▸ Work order
Look for the line with "This is a 2008" in the data below, then reproduce word for word that line and every line after it. Leave out all pictures and add nothing.

▸ Recorded data
[Start of section]

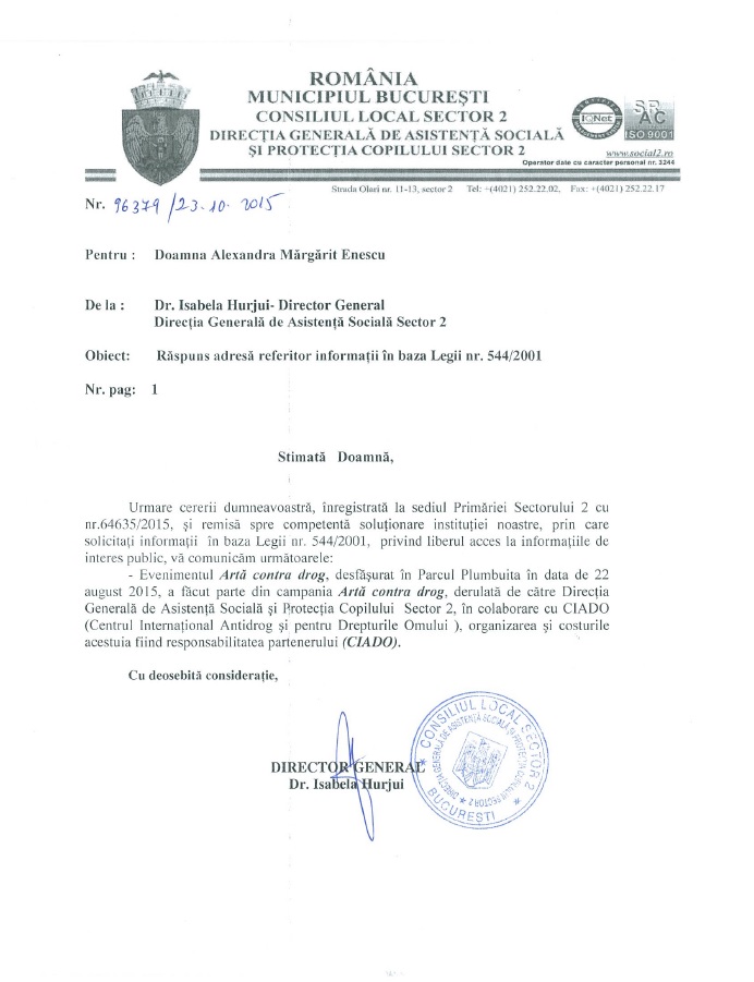 Acum 100 de zile (mai mult, sau mai puțin, e o chestiune relativă pentru că oricum au depășit cu mult termenul prevăzut de lege), am cerut Primăriei Sectorului 2 o informație de interes public. Am vrut să știu cât a costat organizarea unui concert în Parcul Plumbuita [eu și fixațiile mele cu evenimentele Primăriei 🙂 ]. Concertul era o porcărie cu actori necunoscuți dar era organizat sub egida unui mare angajament: Artă contra drog. Partenerul principal al Primăriei sectorului 2 era Centrul Internaţional Antidrog şi Pentru Drepturile Omului (CIADO), organizație condusă de controversatul Gigel Lazăr, care a petrecut vreo 4 ani la pușcărie, acuzat de emitere de cecuri fără acoperire. Toate detaliile le găsiți AICI.
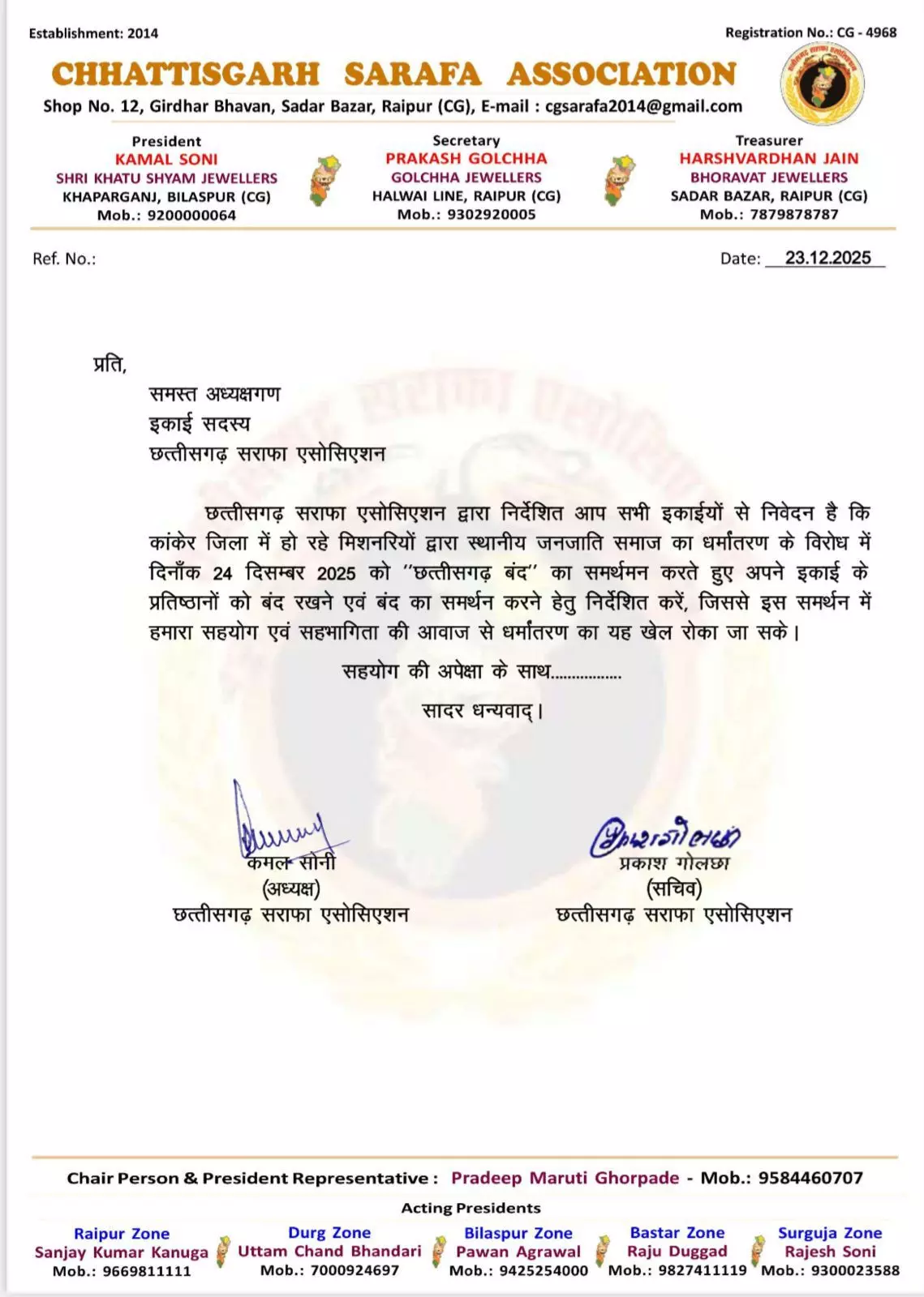 അടുത്തകാലത്തായി മതം മാറ്റം വര്ധിച്ചുവരുന്നതായി ഛത്തീസ്ഗഡ് ചേംബര് ഓഫ് കൊമേഴ്സ് ജനറല് സെക്രട്ടറി അജയ് ഭാസിന് ആരോപിച്ചു. പ്രത്യേക ലക്ഷ്യത്തിനായി മിഷണറിമാര് ഹിന്ദു സമുദായത്തെ തുണ്ടുതുണ്ടാക്കാന് ശ്രമിക്കുകയാണെന്നും അദ്ദേഹം ആരോപിച്ചു. സനാതന മതത്തെയും സാമൂഹിക ഐക്യത്തെയും സംരക്ഷിക്കാനാണ് ബന്ദെന്ന് സര്വ് സമാജ് പ്രതിനിധികള് പറഞ്ഞു. സര്വ് സമാജ് പ്രതിനിധികളുമായി എഎസ്പി സുഖാനന്ദന് റാത്തോഡ്, ലൈന് ഡിഎസ്പി ചന്ദ്രപ്രകാശ് തിവാരി, ദുര്ഗ് എഡിഎം അഭിഷേക് അഗര്വാള്, ഭിലായ് എസ്ഡിഎം ഹിതേഷ് പിസ്ദ തുടങ്ങിയവരും സംസാരിച്ചതായി റിപോര്ട്ടുകള് പറയുന്നു.
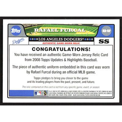 This is a 2008 Topps Update Retail Relics Rafael Furcal Jersey baseball card. The card is #RR-RF and pictures show condition. Team(s): Los Angeles Dodgers
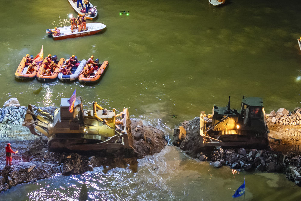 決口合龍時,湖面的風很大。劉子翔屏住呼吸,緊盯著無人機遙控器上的監控畫面,大拇指精準調節操作桿。回憶起那個激動人心的時刻,劉子翔說:“雖然有點想拿手機拍攝合龍瞬間,但在那個關鍵時刻,年輕人不能‘掉鏈子’。”

[End of section]

▸ Task output
 This is a 2008 Topps Update Retail Relics Rafael Furcal Jersey baseball card. The card is #RR-RF and pictures show condition. Team(s): Los Angeles Dodgers
 決口合龍時,湖面的風很大。劉子翔屏住呼吸,緊盯著無人機遙控器上的監控畫面,大拇指精準調節操作桿。回憶起那個激動人心的時刻,劉子翔說:“雖然有點想拿手機拍攝合龍瞬間,但在那個關鍵時刻,年輕人不能‘掉鏈子’。”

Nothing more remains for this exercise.